Cardiac tamponade occurs when the pericardial space fills up with fluid faster than the pericardial sac can stretch. If the amount of fluid increases slowly (such as in hypothyroidism) the pericardial sac can expand to contain a liter or more of fluid prior to tamponade occurring. If the fluid occurs rapidly (as may occur after trauma or myocardial rupture) as little as 100 ml can cause tamponade.[1]

Causes of increased pericardial effusion include hypothyroidism, physical trauma (either penetrating trauma involving the pericardium or blunt chest trauma), pericarditis (inflammation of the pericardium), iatrogenic trauma (during an invasive procedure), and myocardial rupture.

Cardiac tamponade is caused by a large or uncontrolled pericardial effusion, i.e. the buildup of fluid inside the pericardium.[2] This commonly occurs as a result of chest trauma (both blunt and penetrating),[3] but can also be caused by myocardial rupture, cancer, uraemia, pericarditis, or cardiac surgery,[2] and rarely occurs during aortic dissection,[4] or whilst the patient is taking anticoagulant therapy.[5] The effusion can occur rapidly (as in the case of trauma or myocardial rupture), or over a more gradual period of time (as in cancer). The fluid involved is often blood, but pus is also found in some circumstances.[2]
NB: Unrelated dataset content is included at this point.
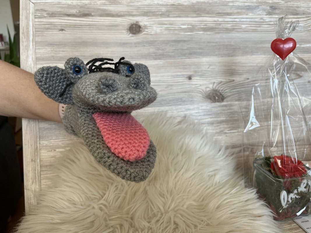 Diese Handpuppe ist nicht nur für kleine Kinder ausgelegt, sondern auch für Erwachsenenhände, immerhin möchte man ja gerne mit dem Kind zusammen spielen. Die Puppe ist fertig 19.5 cm gross und lässt genügend Platz
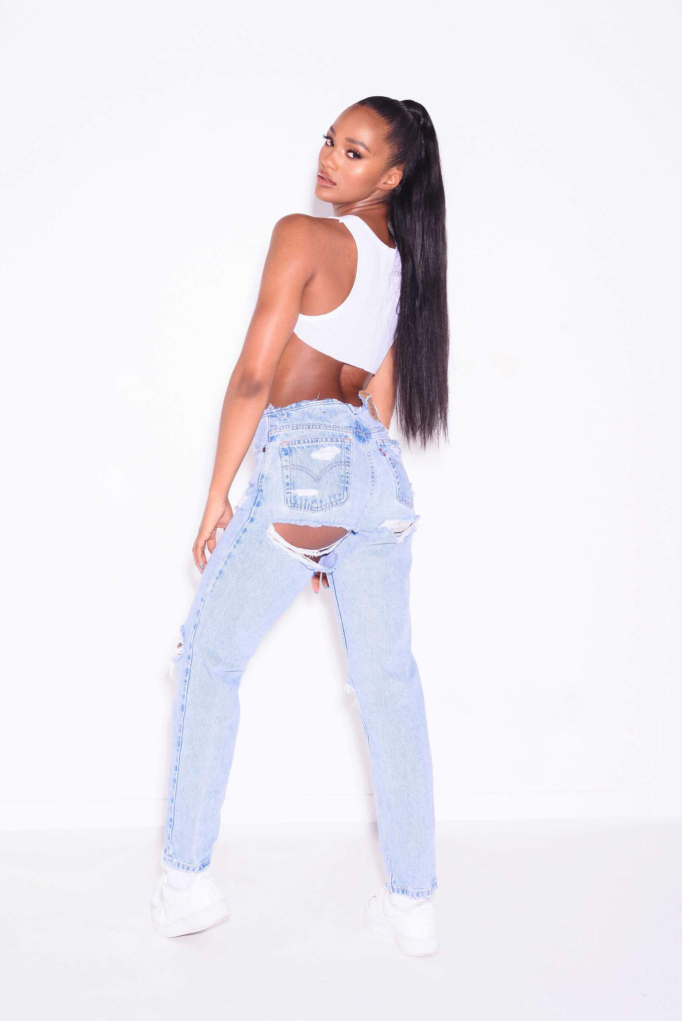 Lori Harvey wore a $2,260 Miu Miu jacket (sold out) and $165 Samaria Leah “Anita” jeans paired with $795 Calvin Klein 205W39NYC Camran two-tone patent-leather and suede sandals (sold out). She finished the look with $1,350 Loewe Puzzle Nano Bag in rouge along with a subtle pair of hoop earrings. She went a braided hairstyle and natural glam for her makeup.

Myocardial rupture is a somewhat uncommon cause of pericardial tamponade. It typically happens in the subacute setting after a myocardial infarction (heart attack), in which the infarcted muscle of the heart thins out and tears. Myocardial rupture is more likely to happen in elderly individuals without any previous cardiac history who suffer from their first heart attack and are not revascularized either with thrombolytic therapy or with percutaneous coronary intervention or with coronary artery bypass graft surgery.[6]
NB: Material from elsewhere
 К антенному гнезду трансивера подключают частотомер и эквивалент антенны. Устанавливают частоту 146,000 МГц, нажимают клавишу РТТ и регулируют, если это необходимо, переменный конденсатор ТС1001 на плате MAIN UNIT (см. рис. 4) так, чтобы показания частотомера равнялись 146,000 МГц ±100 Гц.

The outer pericardium is made of fibrous tissue[7] which does not easily stretch, and so once fluid begins to enter the pericardial space, pressure starts to increase.[2]

If fluid continues to accumulate, then with each successive diastolic period, less and less blood enters the ventricles, as the increasing pressure presses on the heart and forces the septum to bend into the left ventricle, leading to decreased stroke volume.[2] This causes obstructive shock to develop, and if left untreated then cardiac arrest may occur (in which case the presenting rhythm is likely to be pulseless electrical activity)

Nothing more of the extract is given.